И вот по пустячному поводу (несколько несданных экзаменов) он бросает Московский университет и неожиданно оказывается в Петербургской школе гвардейских подпрапорщиков и кавалерийских юнкеров. Что привело его в военную службу?

Мне кажется, ответ можно найти в «Войне и мире» Льва Толстого. «Только на коне и в мазурке не видно было маленького роста Денисова, и он представлялся тем самым молодцом, каким он сам себя чувствовал». Толстой глубоко понимал человеческую натуру; да и сам он в лермонтовском возрасте оставил Казанский университет и поступил в юнкера.

Быть как все – тяжкий удел для таланта. Внешнее веселье и благополучие вскоре оборачиваются тоской, скукой, приносят одни разочарования:

 
Царю Небесный!
Спаси меня
От куртки тесной,
Как от огня.
От маршировки
Меня избавь,
В парадировки
Меня не ставь.
«Юнкерская молитва», 1833
 

Попытка забыться в гусарском разгуле, описанном в коллективных юнкерских поэмах (Лермонтов сочинял их с приятелями, и они намного ниже его таланта), тоже ни к чему хорошему не приводит. Да и могло ли быть иначе?
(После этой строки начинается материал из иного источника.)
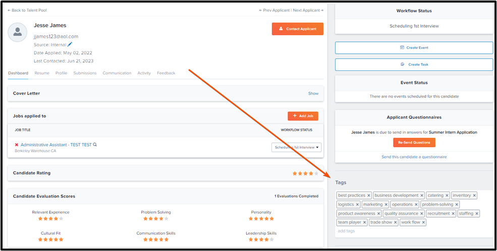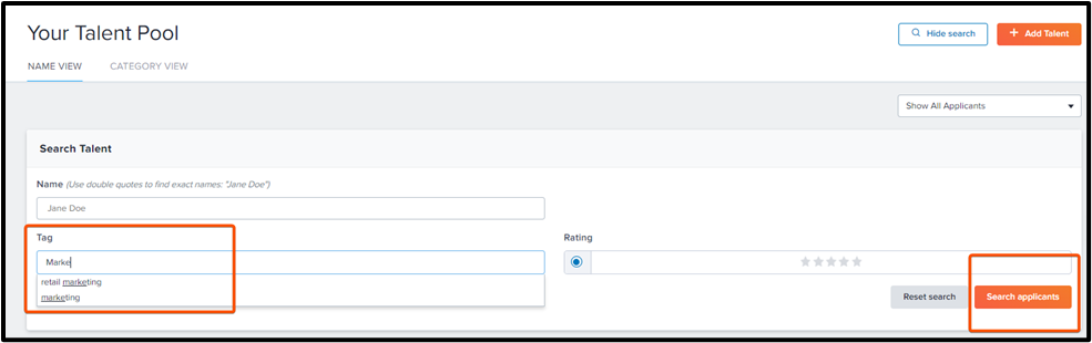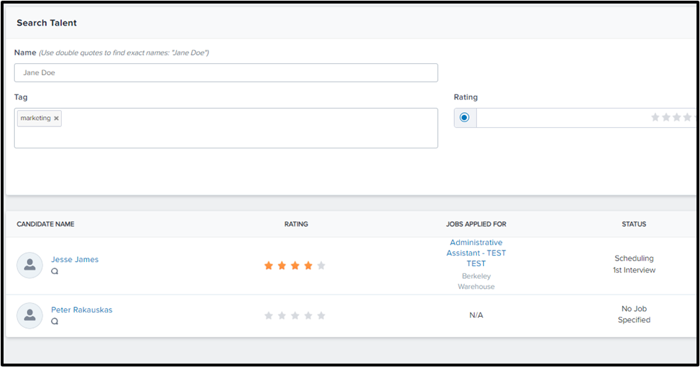 Once the tags are created, you will be able to search this specific applicant in the future. You will be able to type in the specific tag within the Tags field and choose the tag from the dropdown window.
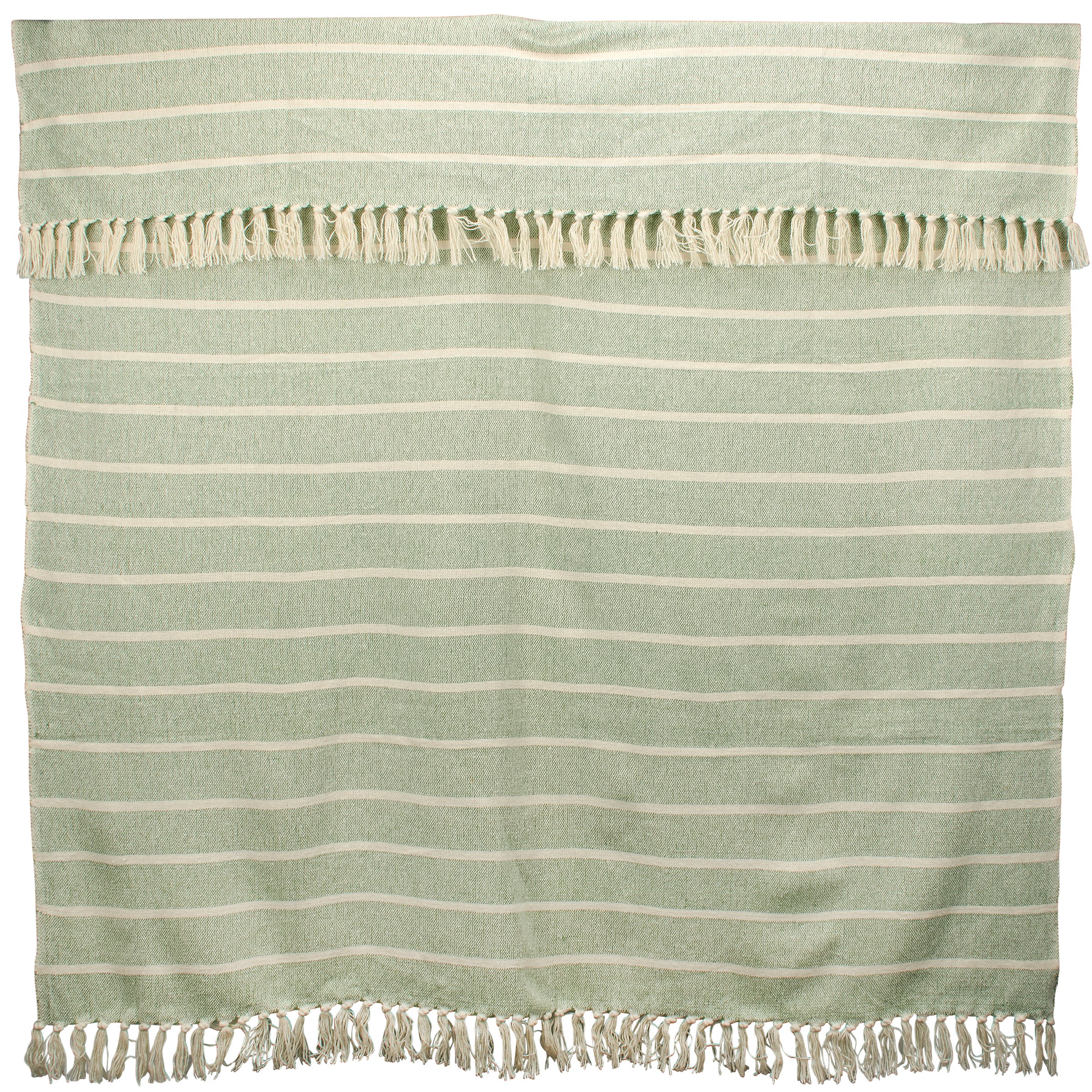 A cotton throw blanket from our Cottage Charm Collection displaying a sage green stripe pattern inspired by vintage cottage decor. Vintage throw blanket measures 50 x 60 inches giving plenty of coverage to accent furniture or to cozy up under the blanket. Our Sage Stripe throw blanket is conveniently machine-washable for easy cleaning. A vintage home accent perfect for adding cottage style to any room.
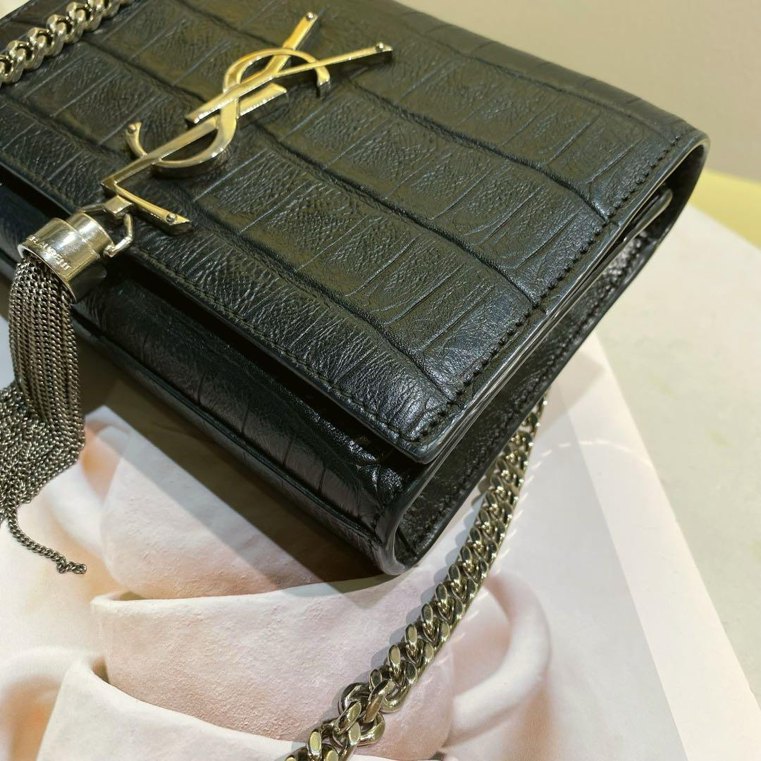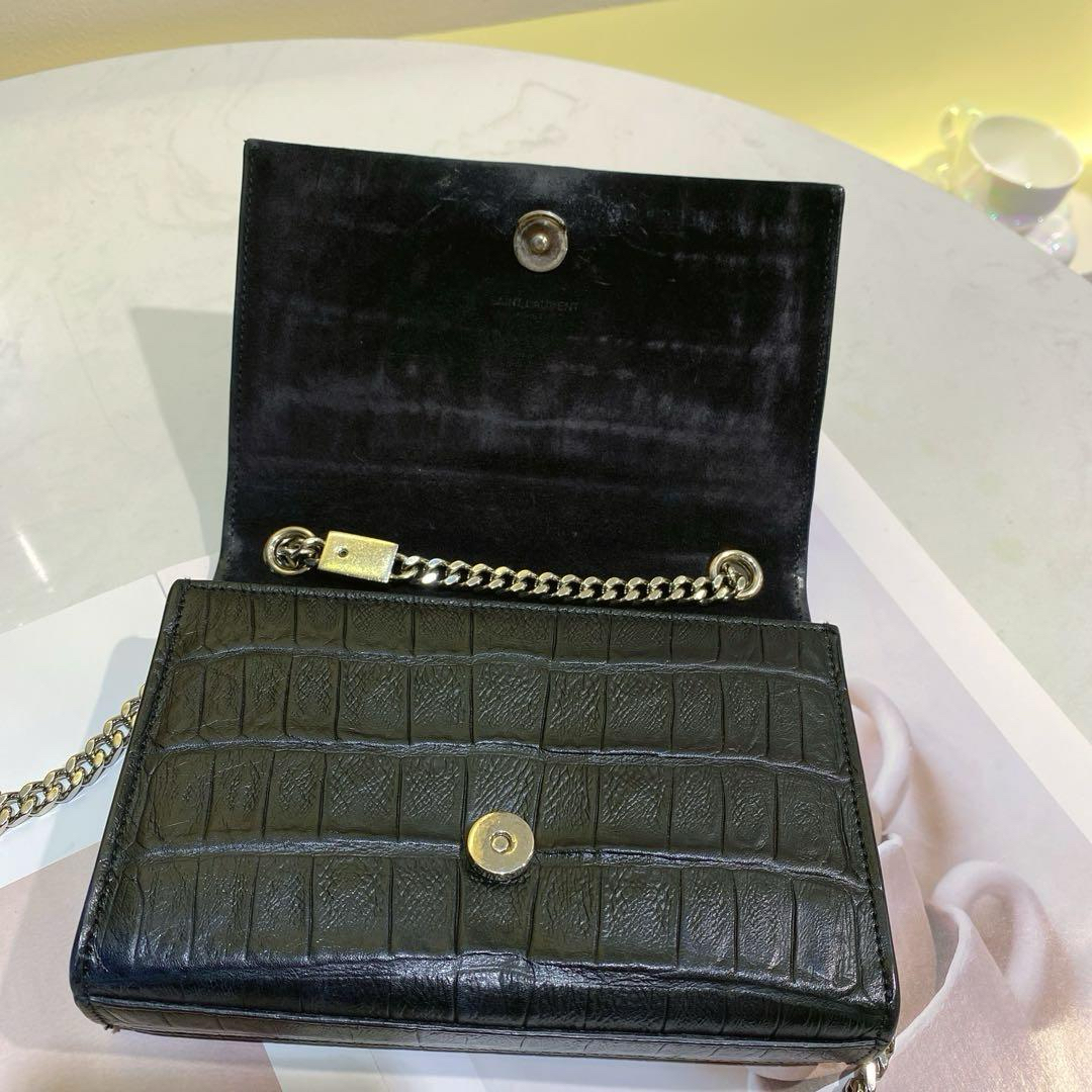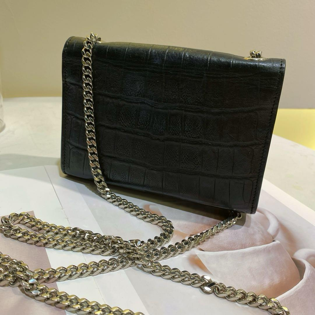 【商品詳情】正品二手 ysl mini 黑银 鳄鱼压纹 牛皮 kate 链条包🍖 93新 20*13。五金logo有轻微使用痕迹感 翻盖边角和内翻盖有正常使用摩擦感。。大女主都市摩登
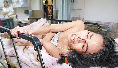 | Hình ảnh lúc nhập viện của nữ diễn viên Đài Loan Hứa Thuần Mỹ vì bị bạn trai đánh cũng gây sốc với công chúng trong năm 2008. |
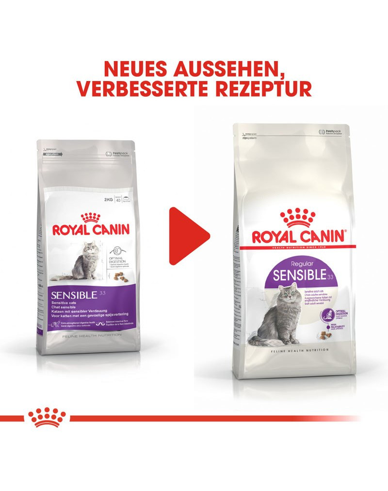 ROYAL CANIN Sensible 33 is ideaal voor katten van 1-7 jaar met een gevoelige spijsvertering. Het bevat een exclusieve combinatie van voedingsstoffen ter versterking en ondersteuning van een optimale spijsverteringsveiligheid.
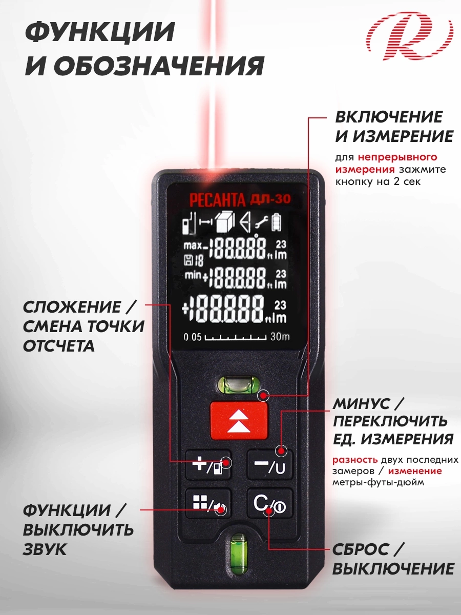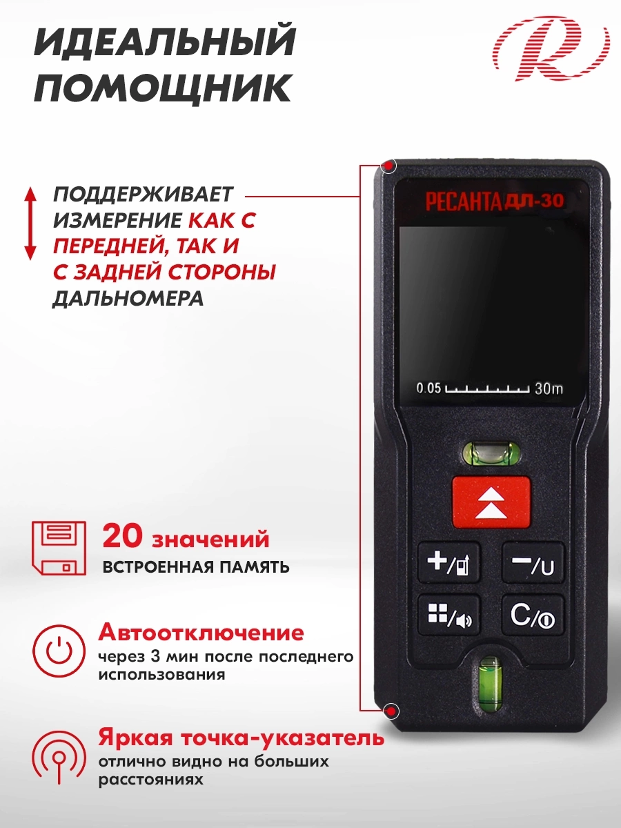 Лазерный дальномер Ресанта ДЛ-30 2кл.лаз. 635нм (61/10/519)
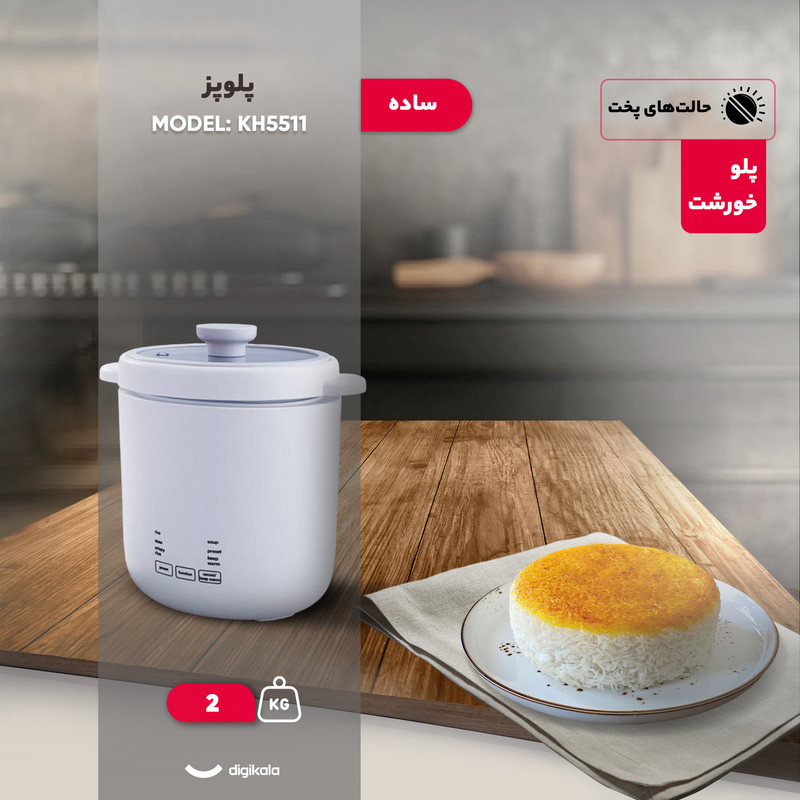 پلوپز دو نفره مدل KH5511 دستگاهی کوچک، کممصرف و کاربردی است که برای خانوادههای کمجمعیت، زوجهای جوان یا افرادی که بهتنهایی زندگی میکنند طراحی شده است. توان مصرفی این دستگاه تنها ۲۰۰ وات است و همین موضوع آن را در دسته پلوپزهای اقتصادی و بهینه قرار میدهد. با وجود توان پایین، سیستم گرمایش المنت پایین توانسته نیاز به پخت یکنواخت برنج و حتی تهیه خورشتهای ساده را پوشش دهد.
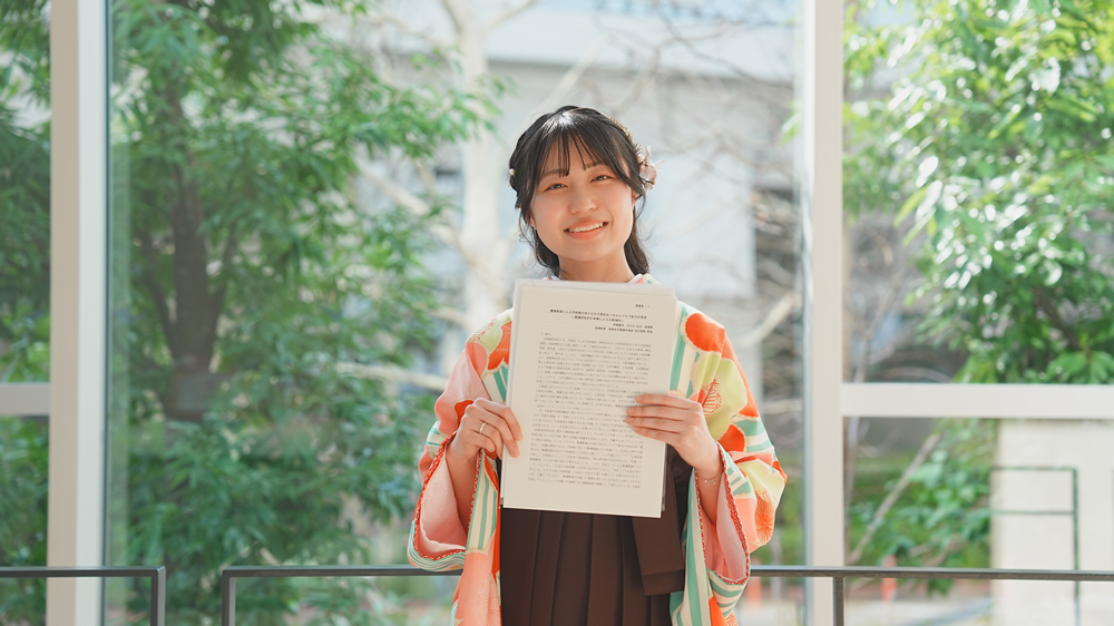 優秀な論文と作品を表彰する「学長賞」。看護学部 看護学科からは森 優貴さんが選出されました。

Почти сто лет спустя Борис Пастернак напишет:

 
Дивлюсь, как цел ушел оттуда,
Ведь это там, на дне военщины,
Навек ребенку в сердце вкован
Облитый мукой облик женщины
В руках поклонников Баркова…
«Лейтенант Шмидт», 1926-2927
 

Страшно подумать, что стало бы с русской литературой, если бы Лермонтов так и остался на дне военщины, одним из авторов коллективных юнкерских, самых что ни на есть барковских поэм – «Гошпиталя», «Петергофского праздника» и «Уланши».

Толстой, повторивший, возможно, не без влияния Лермонтова, его биографию – незаконченный университет, юнкерство и офицерство, – на склоне жизни писал:

«Военная служба вообще развращает людей, ставя поступающих в нее в условия совершенной праздности, то есть отсутствия разумного и полезного труда, и освобождая их от общих человеческих обязанностей, взамен которых выставляет только условную честь полка, мундира, знамени и, с одной стороны, безграничную власть над другими людьми, а с другой – рабскую покорность высшим себя начальникам.

Но когда к этому развращению вообще военной службы, с своей честью мундира, знамени, своим разрешением насилия и убийства, присоединяется еще и развращение богатства и близости общения с царской фамилией, как это происходит в среде избранных гвардейских полков, в которых служат только богатые и знатные офицеры, то это развращение доходит у людей, подпавших ему, до состояния полного сумасшествия эгоизма» (роман «Воскресение»).

К счастью, Толстому повезло. Он служил вдали от двора, на Кавказе, потом в Севастополе, сумел выйти в отставку, прожил долгую писательскую жизнь и, по его собственному признанию, осуществил многое из замысленного Лермонтовым.

Лермонтов же об избавлении от военщины лишь мечтал. Письма 41-го года полны просьб об отставке, а в самом последнем слышна безысходность. Не она ли и толкнула его на бессмысленную дуэль?

Вообще, короткая жизнь Лермонтова – это непрерывная цепь разочарований: в друзьях, в женщинах, в учебных заведениях, в военной службе да и в купленной кровью военной славе.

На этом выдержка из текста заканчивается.